Appeal from the District Court, St. Louis County, File No. 69-C9-03-101226.
William J. Egan, Oppenheimer Wolff Donnelly, (for respondent)
Louis J. Cianni, Cianni Law Office, (for appellants)
Considered and decided by Worke, Presiding Judge, Toussaint, Chief Judge, and Crippen, Judge.
This opinion will be unpublished and may not be cited except as provided by Minn. Stat. § 480A.08, subd. 3 (2004).
UNPUBLISHED OPINION
Appellants, East Range Builders and Supply, Inc., and its president, David Strope, dispute the factual bases for the jury's determination that they are liable for defamation and tortious interference with contract. Because the record supports the jury's findings, we affirm. We also find no merit in the contentions that the statements were non-actionable opinions, that the individual appellant was not personally liable because he was speaking only as a corporate officer, or that appellants should enjoy absolute immunity based on national security grounds.
FACTS
The Federal Aviation Administration (FAA) offered respondent Rodney Kesanen a position as an air traffic control specialist, contingent, in relevant part, on passing a security clearance. He did not pass and did not get the job. Respondent later learned that two former employers had made negative statements about him to the FAA investigator.

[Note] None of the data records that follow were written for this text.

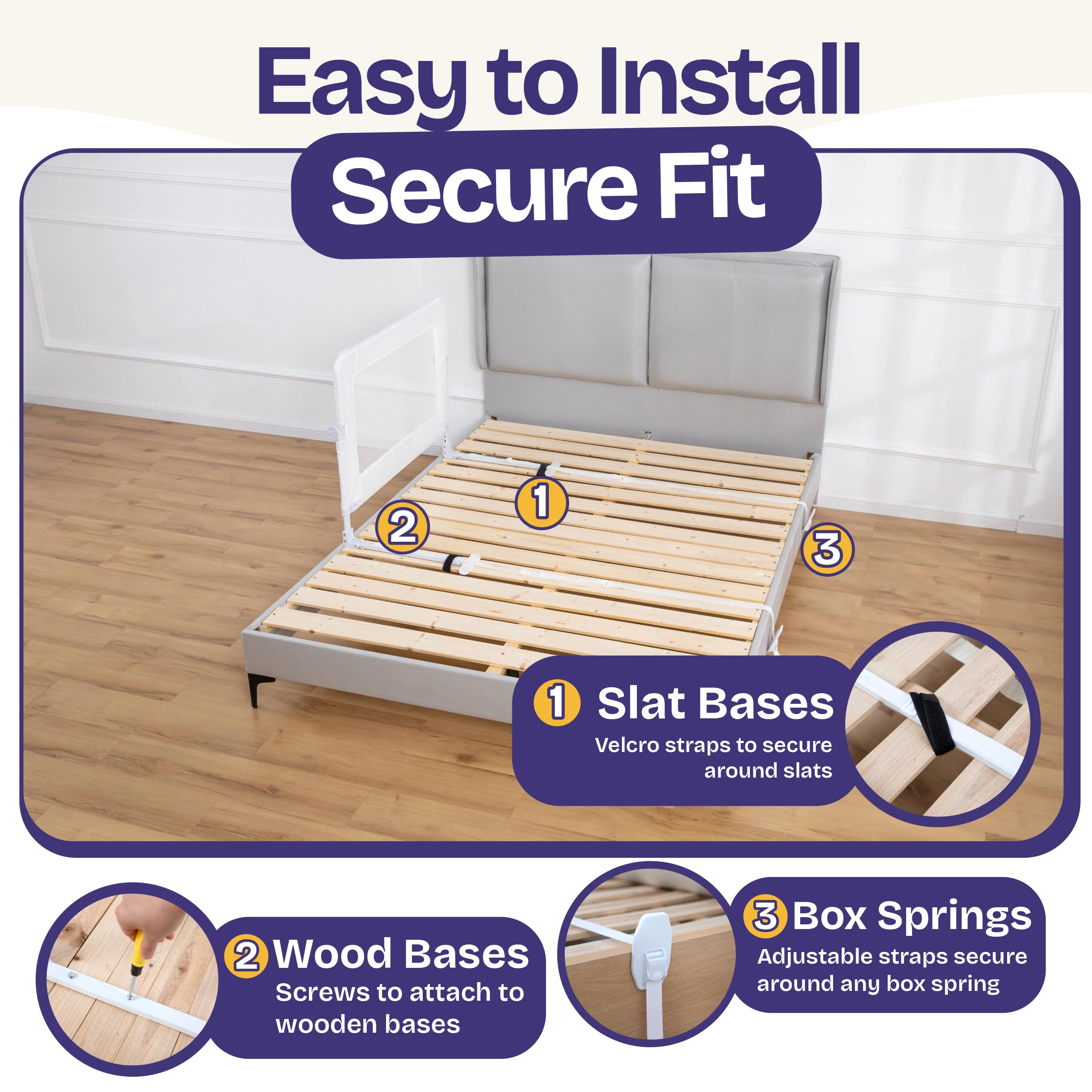 FAST, TOOL-FREE SETUP WITH FLEXIBLE INSTALL OPTIONS - Installs quickly using Velcro, straps, or screws to attach securely to slats, box springs, or wood frames—ready in minutes for solid, dependable everyday use.
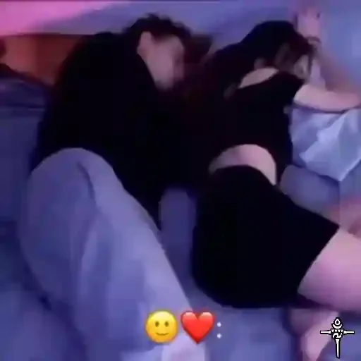 Casal abraçado na cama, com um emoji de sorriso e um coração vermelho.
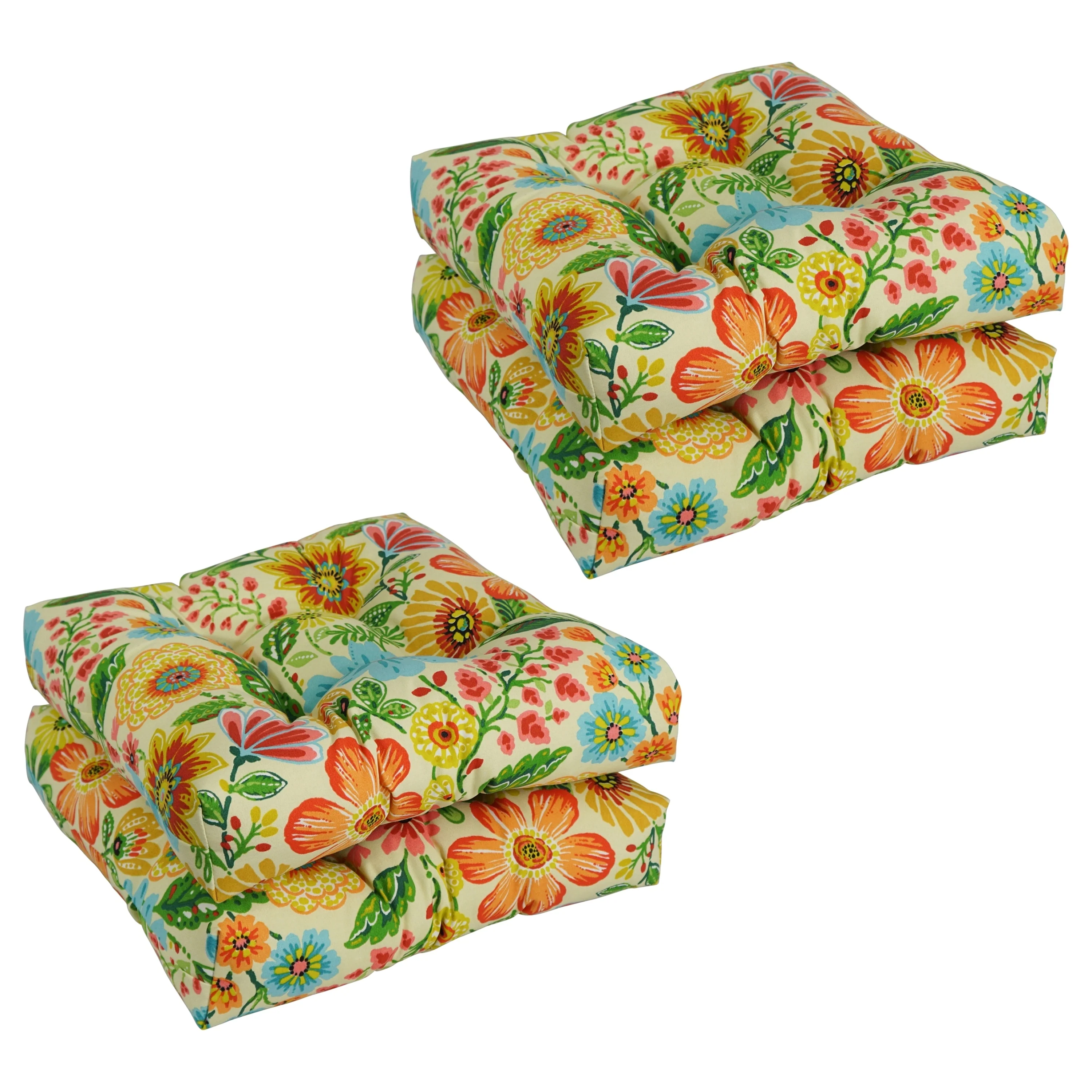 19-inch Square Tufted Indoor/Outdoor Chair Cushions (Set of 4) - 19" x 19"
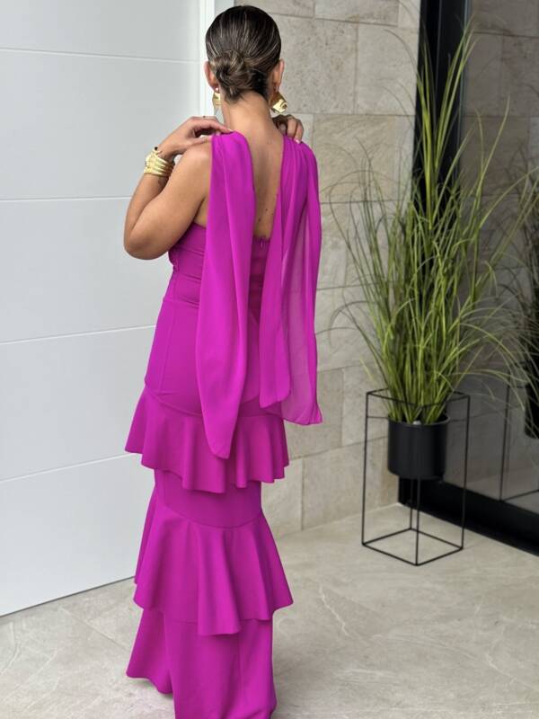 Vestido escote bardot de lycra largo, corte lateral cruzado.
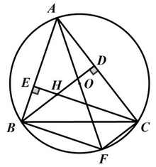Cho tam giác ABC nhọn có ba đỉnh nằm trêm đường tròn (O). Hai đường cao BD và CE cắt nhau
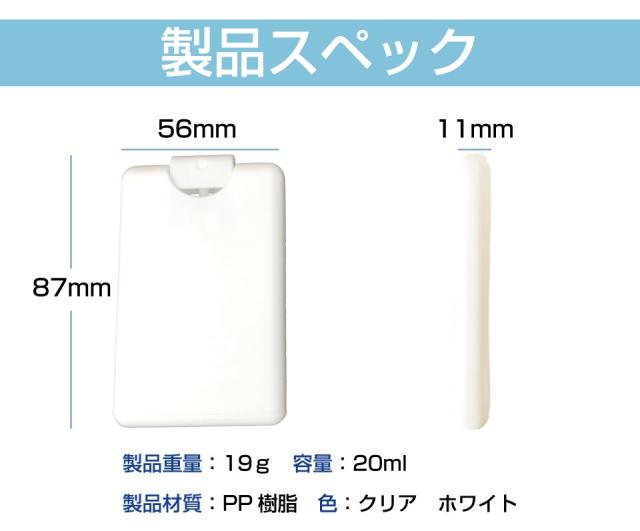 | 商品名 | 小型 カード型スプレーボトル 20ml×5個セット 全2色 |
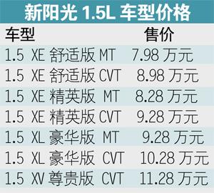 此次新阳光共推出三大级别7款车型,售价区间为7.98万元~11.28万元。7.98万元的起始定价成为首款8万元以下的1.5L入门级中级车。此外,新阳光在继承原有超大空间、超低油耗两大核心技术优势的基础上,进行了22项全面升级。新阳光搭载了“燃油双喷发动机”+“XTRONIC CVT变速箱”的黄金动力组合,使其百公里油耗低至5.6L。服务方面,除了常规的3年10万公里、金融及保险优惠政策,新阳光车主还可以享受“60天免费出险代步车”、“7天包换品质无忧承诺”等增值服务。(记者李光曼)
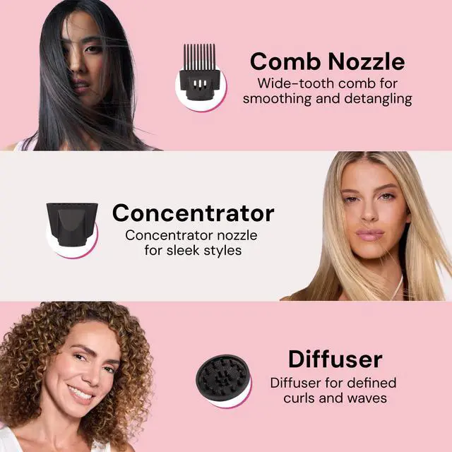 3 VERSATILE STYLING ATTACHMENTS: Your all-in-one styling tool. Define perfect curls with the Diffuser, achieve sleek looks with the Concentrator, or gently detangle and smooth with the wide-tooth Comb.
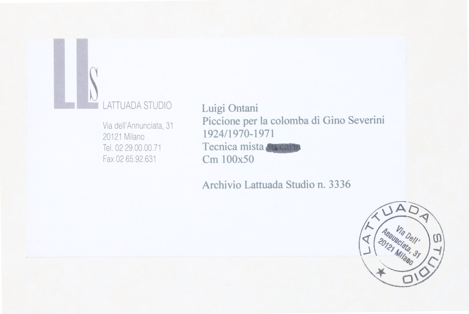 ONTANI LUIGI (n. 1943) Piccione per la colomba di Gino Severini. Tecnica...
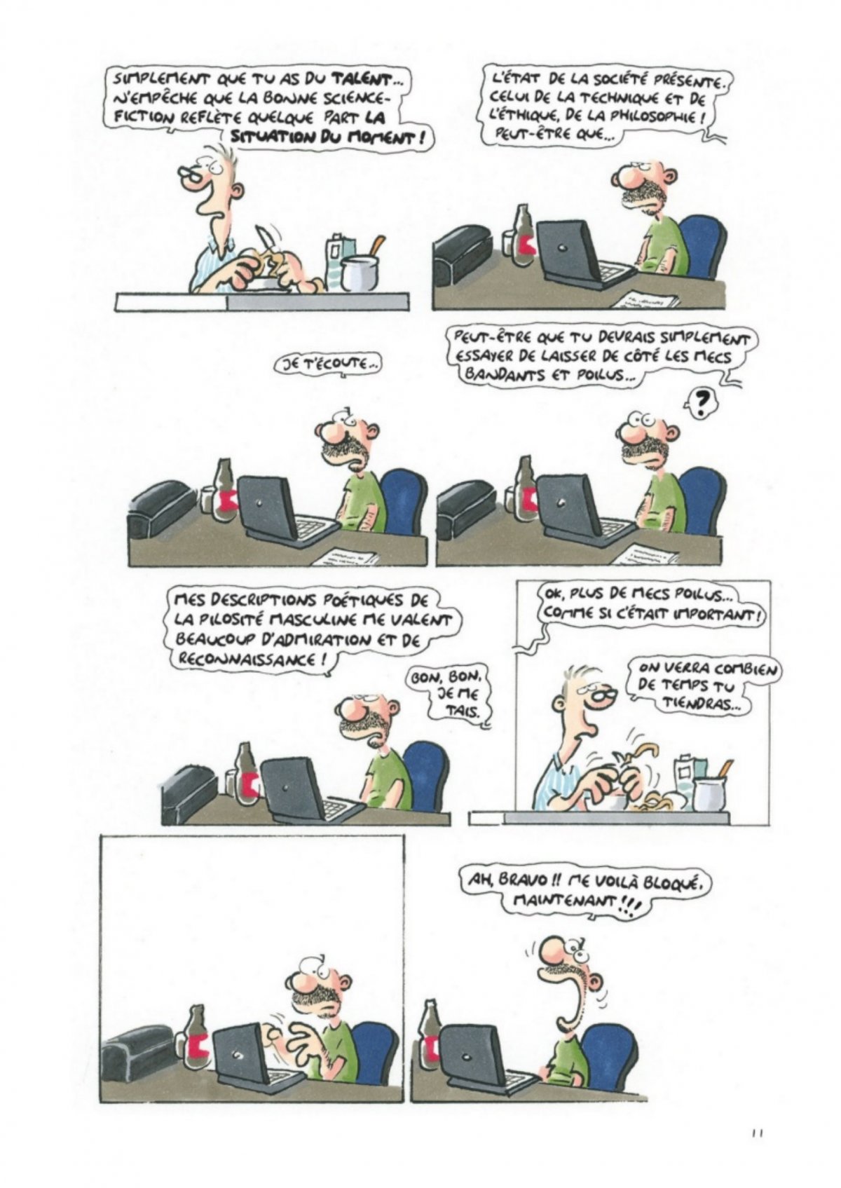 Conrad roule les yeux lorsqu’il entend Paul lui raconter l’histoire de son nouveau livre de science-fiction... Souvenez-vous : à la fin de Une station spatiale nommée désir, le héros de l’espace Barry Rouston fonçait à bord de son bombardier chargé à la testostérone dans les coins les plus reculés du cosmos. Sauf que la folie ne fait que commencer ! Car une étrange singularité plonge maintenant Barry dans un avenir lointain où se trouvent des aliens lubriques et des rats boueux mais pas la moindre trace d’hommes velus ! Ce n’est que lorsqu’il atteint les dessous de la ceinture de la planète Prépuce que Barry constate, soulagé, que l’univers n’a pas fini de grogner.Pas de doute, Barry Rouston plonge la littérature de SF dans des abysses qu’elle n’avait encore jamais explorés !
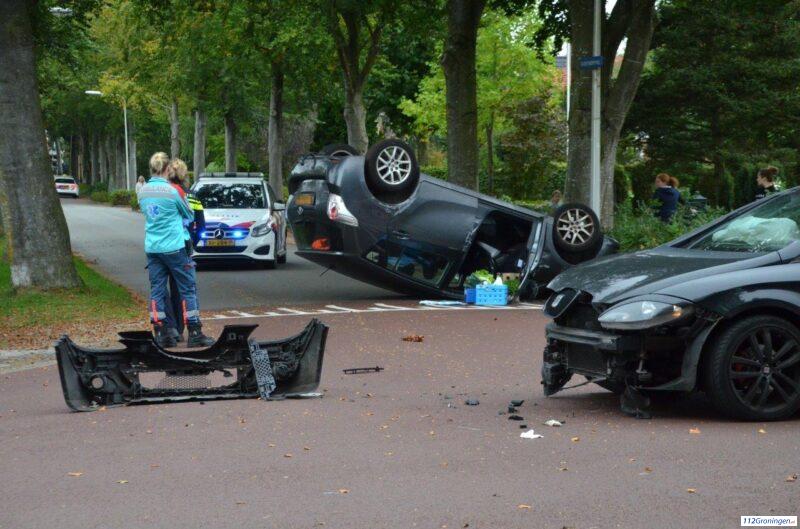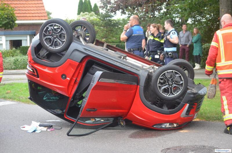45 km/u auto op de kop na botsing met automobilist, 2 mensen gewond

Respondent sued his former employers, including appellants East Range Builders and David Strope for defamation and interference with contract. The district court denied appellant Strope's motion for summary judgment, holding that he could be held personally liable for his defamatory statements without piercing the corporate veil, and that there were genuine issues of material fact on the defamation claims.
Respondent also sued his other former employer and its president, both of whom defaulted.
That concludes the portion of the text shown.